AutoGen's code execution environment supports Docker sandboxing as a security boundary around agent-generated code. Without sandboxing, code executed by the UserProxy runs with the full permissions of the host process — a significant risk when agents generate code to handle untrusted data or call external APIs. Docker execution isolates the generated code in a container with no network access by default, protecting the host system from malicious or accidental side effects. The sandbox can be configured with specific resource limits, network policies, and allowed Python packages to match the security requirements of the deployment environment.

AutoGen Studio provides a visual interface for building and testing multi-agent workflows without writing Python code. Agents, their system prompts, and their tool sets are configured through a web UI, and conversations can be tested interactively before deployment.

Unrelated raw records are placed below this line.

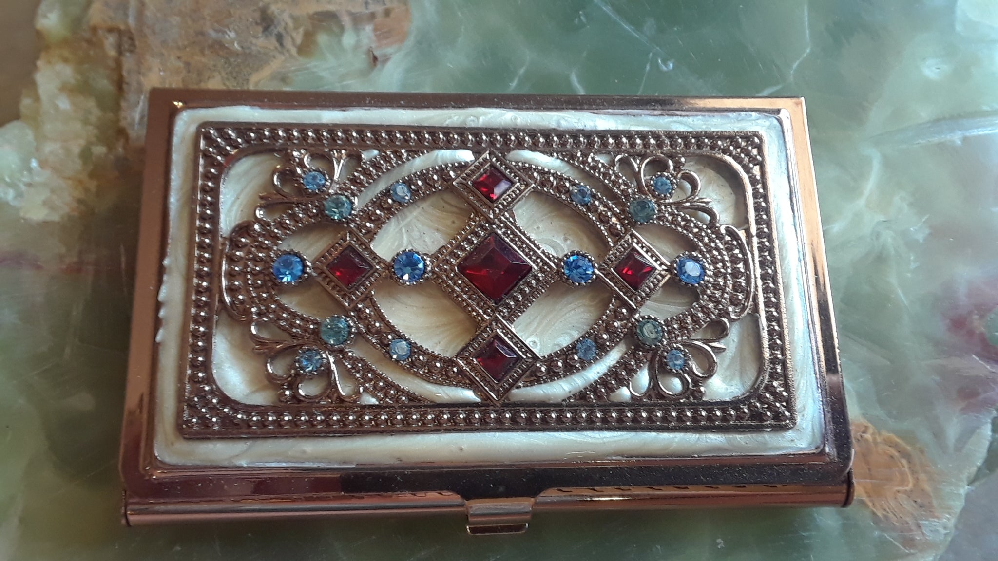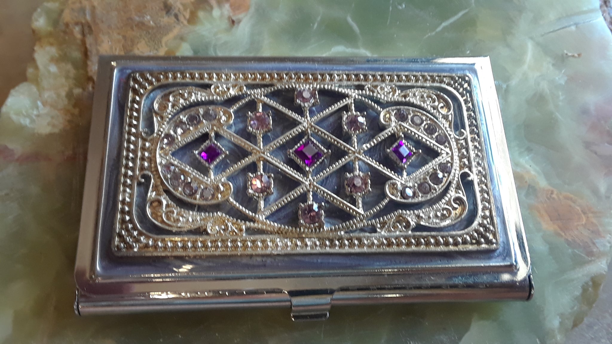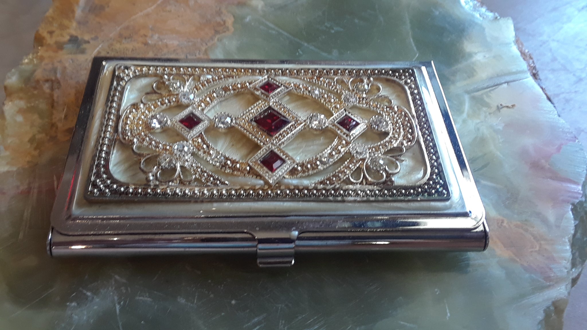 Beautiful business card holders. Silver or gold-toned metal with crystal accents, and black velvet lining. With a secure snap closure, and detailed engraving inside the case, this business card holder accessory to have and enjoy.
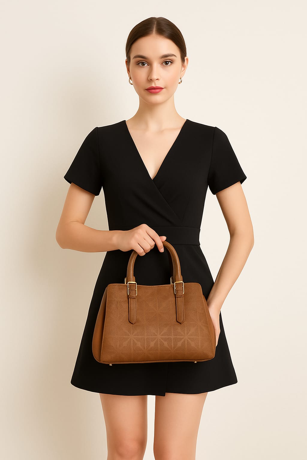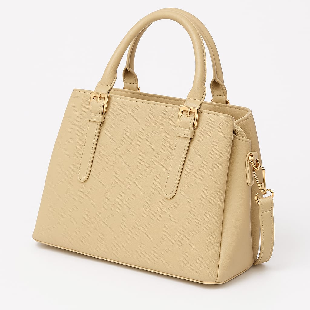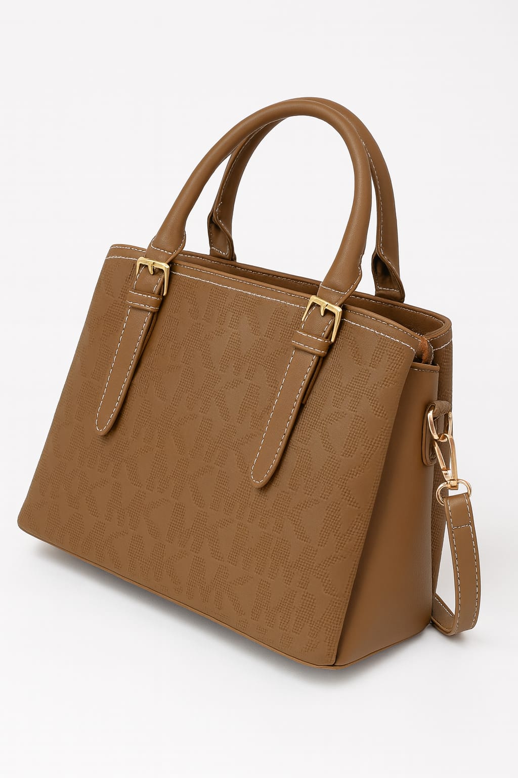 مصنوعة من خامة جلد صناعي عالي الجودة بنقشة بارزة على شكل حروف مميزة، تعطي الشنطة لمسة فاخرة تشبه الماركات العالمية.
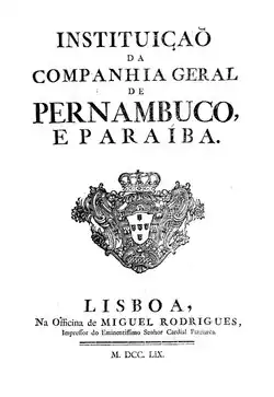 The General Company of Pernambuco and Paraíba (Portuguese: Companhia Geral de Pernambuco e Paraíba) was a privileged monopoly company created by the Marquis of Pombal in the second half of the 18th century in Portugal.[1][2][3]
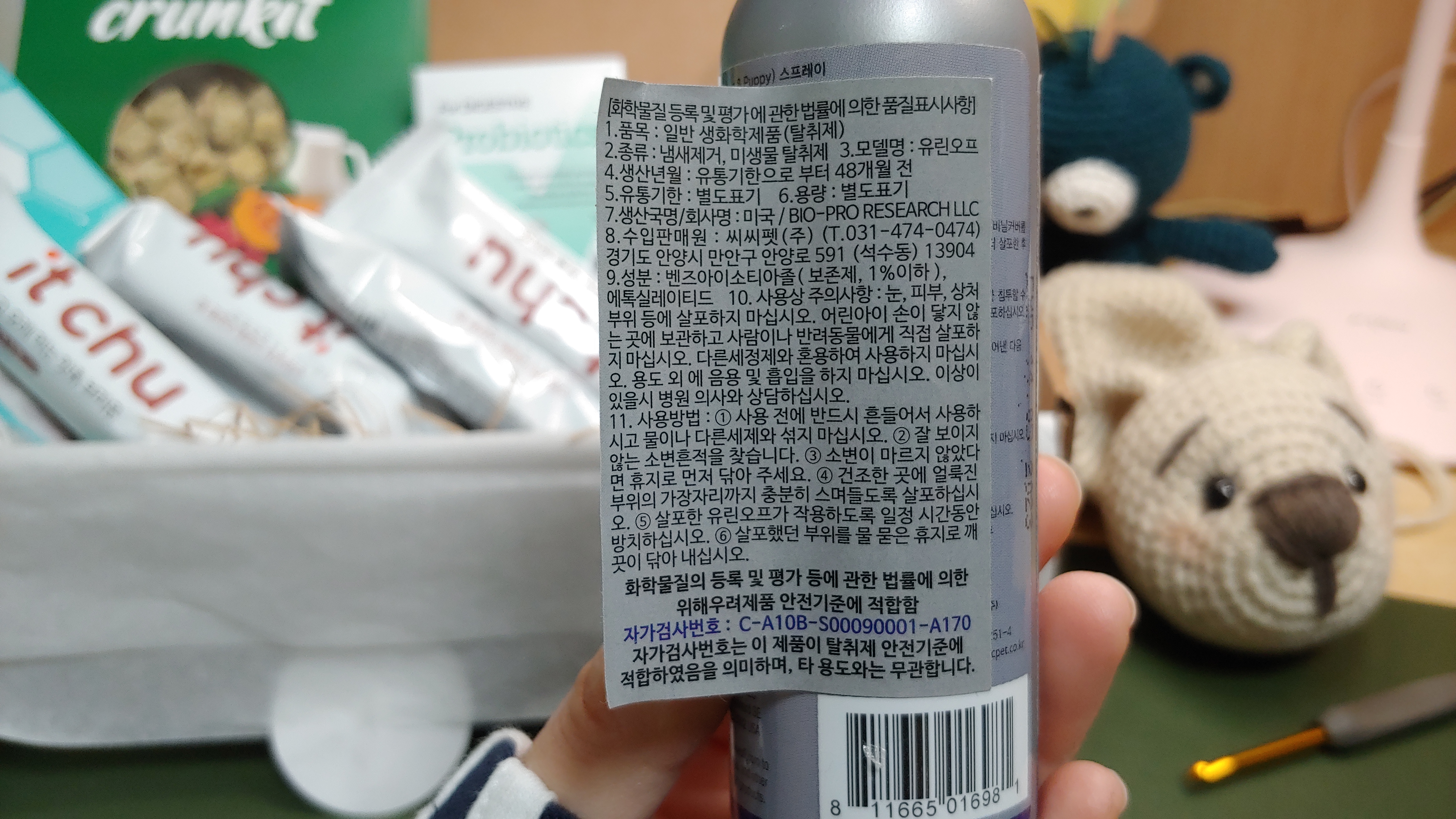 생화학 제품으로, 제품에 포함된 미생물이 반려견의 소변 등을 깨끗하게 분해해 줍니다. 박스를 열었을 때 홍이가 간식보다 이 제품에 코를 박고 그렇게 킁킁 거리던데, 기대됩니다.

The visual interface lowers the barrier to experimenting with multi-agent patterns for users unfamiliar with the AutoGen Python API, and the exported workflow configurations can be used directly with the Python SDK for production deployment — maintaining a clear path from prototyping to production.

Nested agents in AutoGen enable recursive task decomposition, where an agent created to solve a sub-task can itself spawn sub-agents for further decomposition. This recursive nesting is powerful for tasks with deep hierarchical structure but requires careful termination condition design — without explicit convergence criteria, nested agent conversations can proliferate indefinitely. Practical implementations typically set maximum nesting depth limits and budget constraints on the total number of LLM calls that can be triggered by a single top-level request.

Message history management in AutoGen multi-agent conversations requires attention to context window limits, especially in long-running group chats. Configuring a maximum_consecutive_auto_reply limit prevents infinite agent loops, and using a SummaryMethod that compresses the conversation history when it approaches the context window limit prevents token budget overruns on long tasks. Periodically clearing the conversation and reinitializing with a summary of progress is the recommended pattern for tasks expected to span hundreds of turns.